Mesmo na ruidosa política de Miami, a confusão tem sido impressionante, expondo uma profunda divisão entre os ex-filhos da Operação Pedro Pan, o programa secreto administrado pela Igreja Católica com a ajuda do Departamento de Estado que reassentou cerca de 14 mil jovens cubanos após a revolução de 1959 na ilha. No passado, os beneficiários do programa, conhecidos como Pedro Pans, evitavam amplamente divulgar as divergências internas. Mas para alguns Pedro Pans hoje, ou a comparação de Wenski foi longe demais – ou a política de DeSantis foi.

“Somos irmãos e irmãs e não brigamos uns com os outros”, disse Carmen Valdivia, que chegou aos 12 anos em 1962. Mas, acrescentou, o arcebispo e seus aliados “nos inseriram” no debate. “E eu lamento por isso.”

A imigração já parecia intocável como questão política na Flórida, quando os republicanos temiam que adotar medidas duras afastaria os hispânicos, que representam mais de um quarto da população do estado. O presidente Donald Trump mudou isso quando venceu na Flórida em 2016, enquanto adotava uma linha dura em relação à imigração. DeSantis fez o mesmo dois anos depois.

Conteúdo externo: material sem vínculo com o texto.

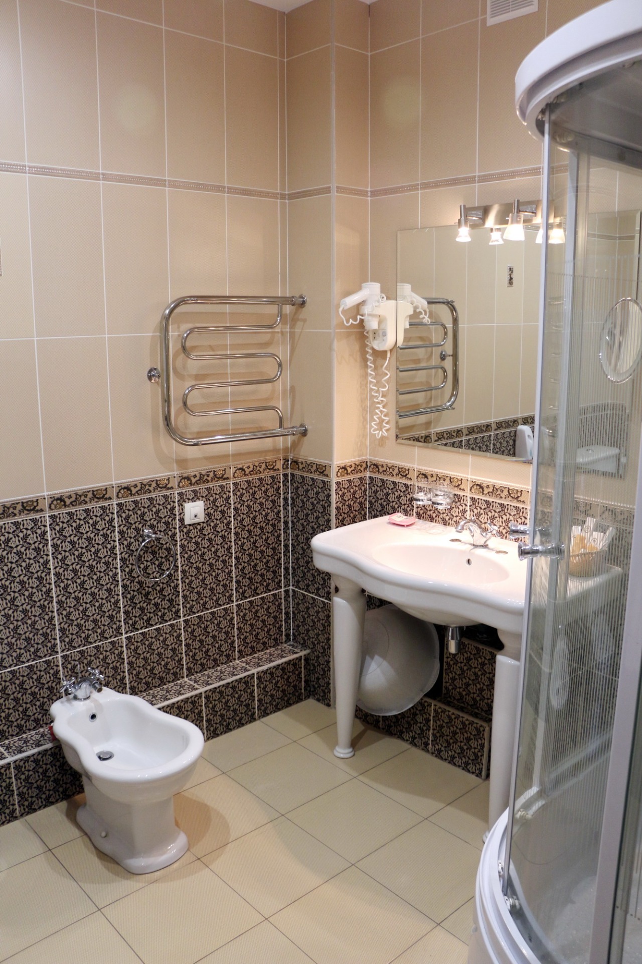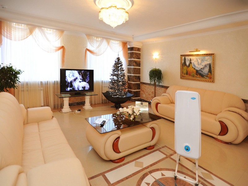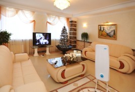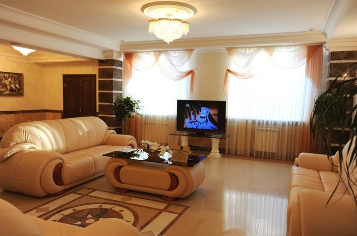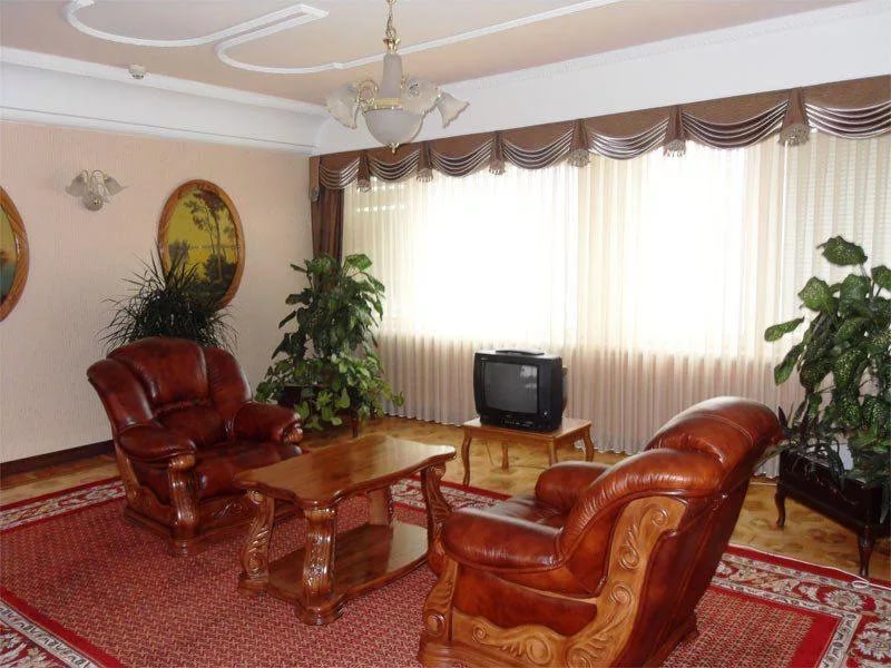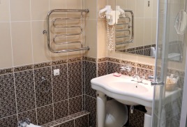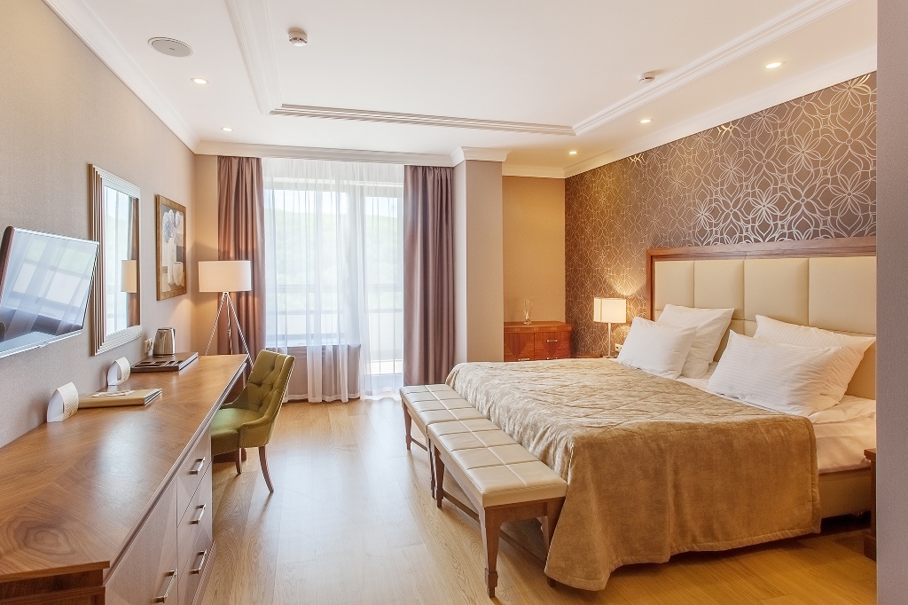 - 2-местный 2-комнатный Люкс. Площадь номера 65,2 м2. В номере: гостиная с мягкой мебелью, спальня с двуспальной кроватью, два санузла с ванной, фен, индивидуальный набор гигиенических средств, халат, чайник электрический, холодильник, сплит-система, телевизор, доска гладильная, утюг электрический, сейф, балкон с летней парковой мебелью.

Novas leis estaduais se seguiram: em 2019, DeSantis e o Legislativo controlado pelos republicanos proibiram as chamadas cidades e condados santuários, embora a maioria dos analistas concordasse que a Flórida não tinha nenhuma. No ano passado, um juiz federal derrubou partes da lei, chamando-a de motivada racialmente. O Estado recorreu.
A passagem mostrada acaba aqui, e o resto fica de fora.